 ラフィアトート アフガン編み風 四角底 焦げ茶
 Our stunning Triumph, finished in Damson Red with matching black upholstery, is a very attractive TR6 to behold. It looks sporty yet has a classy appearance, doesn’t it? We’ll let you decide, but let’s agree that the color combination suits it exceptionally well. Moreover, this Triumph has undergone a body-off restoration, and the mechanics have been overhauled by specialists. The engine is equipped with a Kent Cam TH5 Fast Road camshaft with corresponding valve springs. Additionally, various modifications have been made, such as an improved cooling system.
...
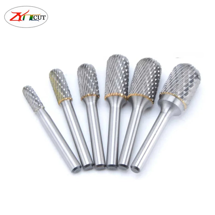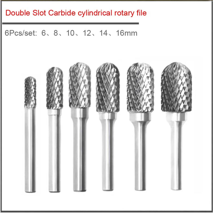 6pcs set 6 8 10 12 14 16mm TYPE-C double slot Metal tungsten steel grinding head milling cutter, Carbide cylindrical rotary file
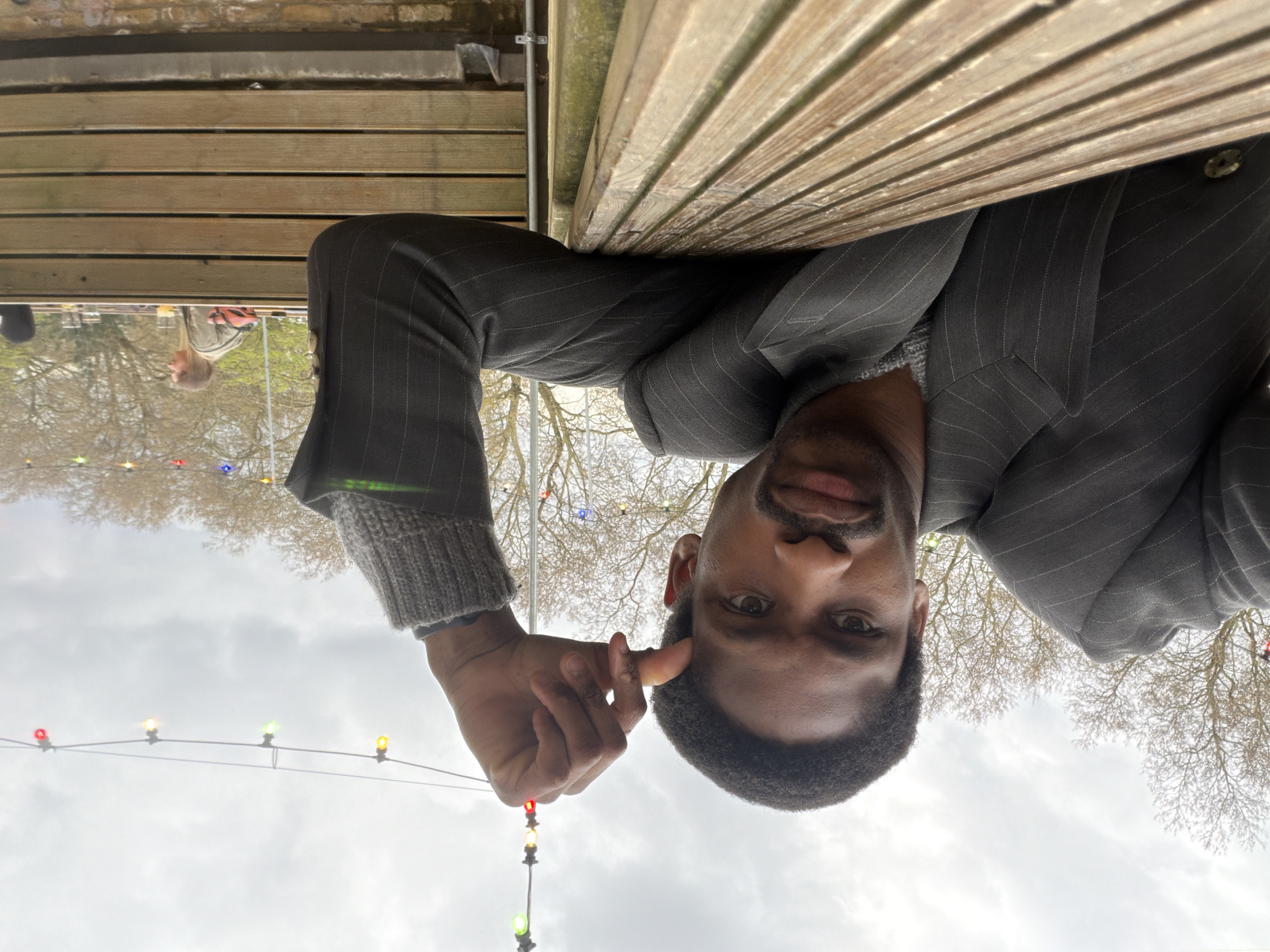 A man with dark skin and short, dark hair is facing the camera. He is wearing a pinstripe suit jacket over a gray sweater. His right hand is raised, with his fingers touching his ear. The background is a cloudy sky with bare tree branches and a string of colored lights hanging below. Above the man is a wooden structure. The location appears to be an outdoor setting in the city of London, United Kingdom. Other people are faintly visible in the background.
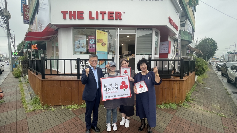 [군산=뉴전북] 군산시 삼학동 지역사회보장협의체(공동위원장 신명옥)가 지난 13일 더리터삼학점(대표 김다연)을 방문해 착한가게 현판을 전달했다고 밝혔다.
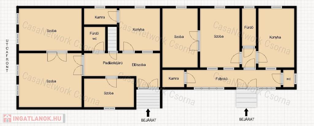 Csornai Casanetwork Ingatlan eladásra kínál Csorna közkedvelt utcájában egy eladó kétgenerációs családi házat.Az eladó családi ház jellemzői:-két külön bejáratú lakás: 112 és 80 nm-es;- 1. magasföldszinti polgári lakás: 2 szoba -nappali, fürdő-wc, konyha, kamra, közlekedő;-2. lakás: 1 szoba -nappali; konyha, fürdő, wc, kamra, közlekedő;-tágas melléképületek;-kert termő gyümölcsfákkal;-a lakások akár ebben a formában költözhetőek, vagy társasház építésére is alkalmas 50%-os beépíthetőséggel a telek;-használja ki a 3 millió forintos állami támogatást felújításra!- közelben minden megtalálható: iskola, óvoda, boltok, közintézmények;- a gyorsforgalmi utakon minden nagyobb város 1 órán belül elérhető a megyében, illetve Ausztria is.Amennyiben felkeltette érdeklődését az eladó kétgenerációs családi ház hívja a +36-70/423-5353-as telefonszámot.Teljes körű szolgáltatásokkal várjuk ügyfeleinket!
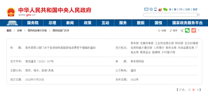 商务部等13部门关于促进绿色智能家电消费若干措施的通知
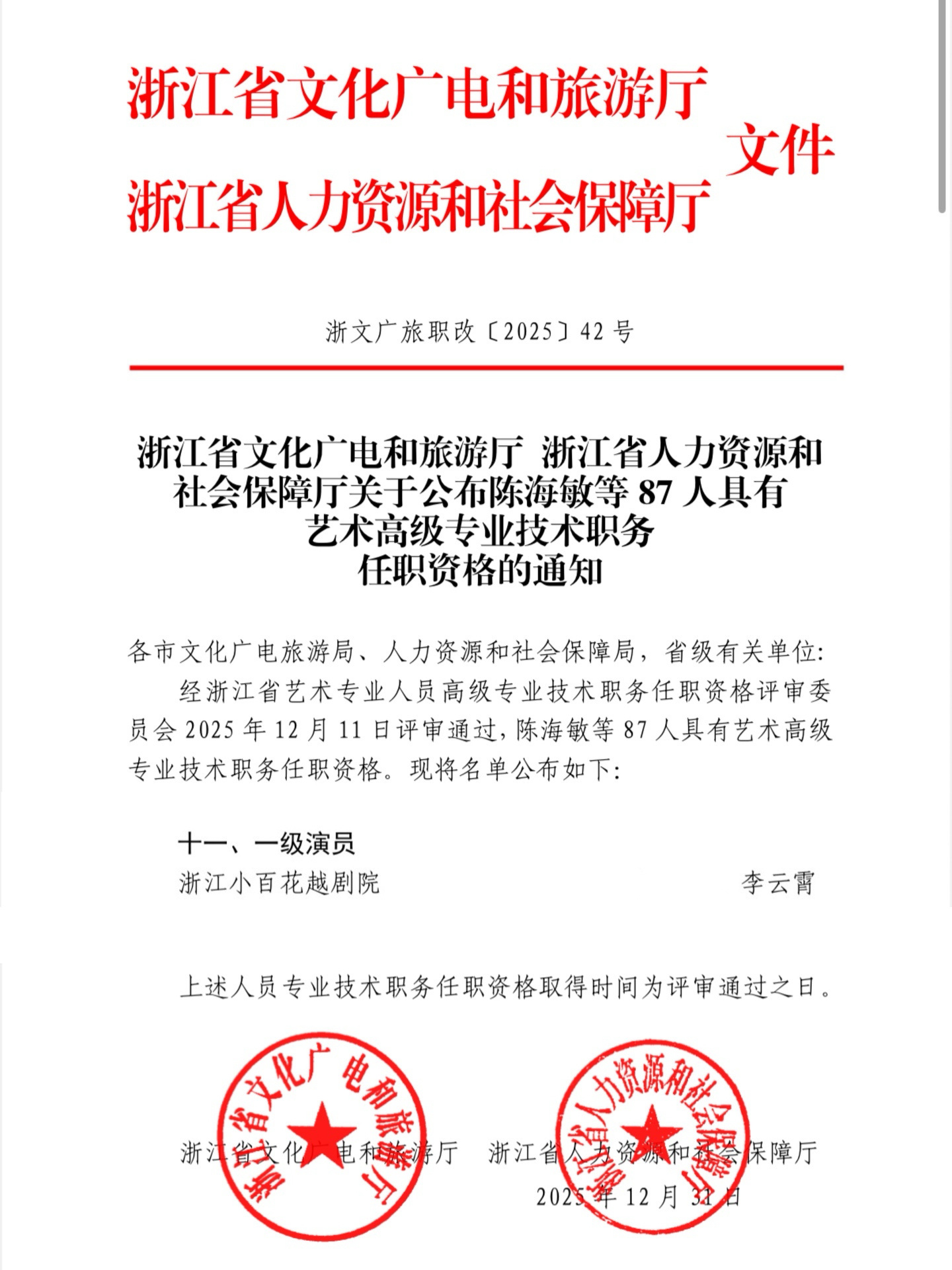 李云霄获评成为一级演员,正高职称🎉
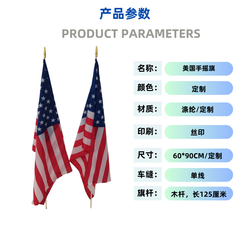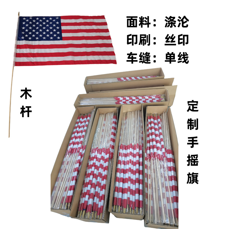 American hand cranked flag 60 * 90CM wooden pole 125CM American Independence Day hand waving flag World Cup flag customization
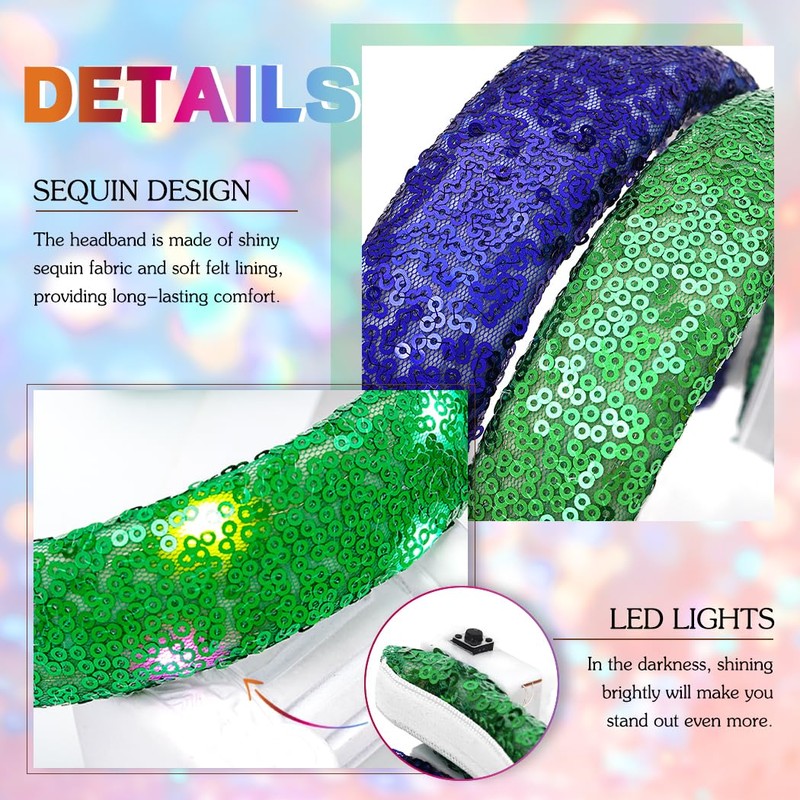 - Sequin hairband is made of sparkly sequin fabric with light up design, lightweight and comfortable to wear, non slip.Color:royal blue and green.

**Directions for this task**
Reprint exactly the lines above that start at the one with "ラフィアトート アフガン編み風 四角底 焦げ茶" and end at the one with "Our stunning Triumph, finished", keeping both and adding none.

**Answer space**
 ラフィアトート アフガン編み風 四角底 焦げ茶
 Our stunning Triumph, finished in Damson Red with matching black upholstery, is a very attractive TR6 to behold. It looks sporty yet has a classy appearance, doesn’t it? We’ll let you decide, but let’s agree that the color combination suits it exceptionally well. Moreover, this Triumph has undergone a body-off restoration, and the mechanics have been overhauled by specialists. The engine is equipped with a Kent Cam TH5 Fast Road camshaft with corresponding valve springs. Additionally, various modifications have been made, such as an improved cooling system.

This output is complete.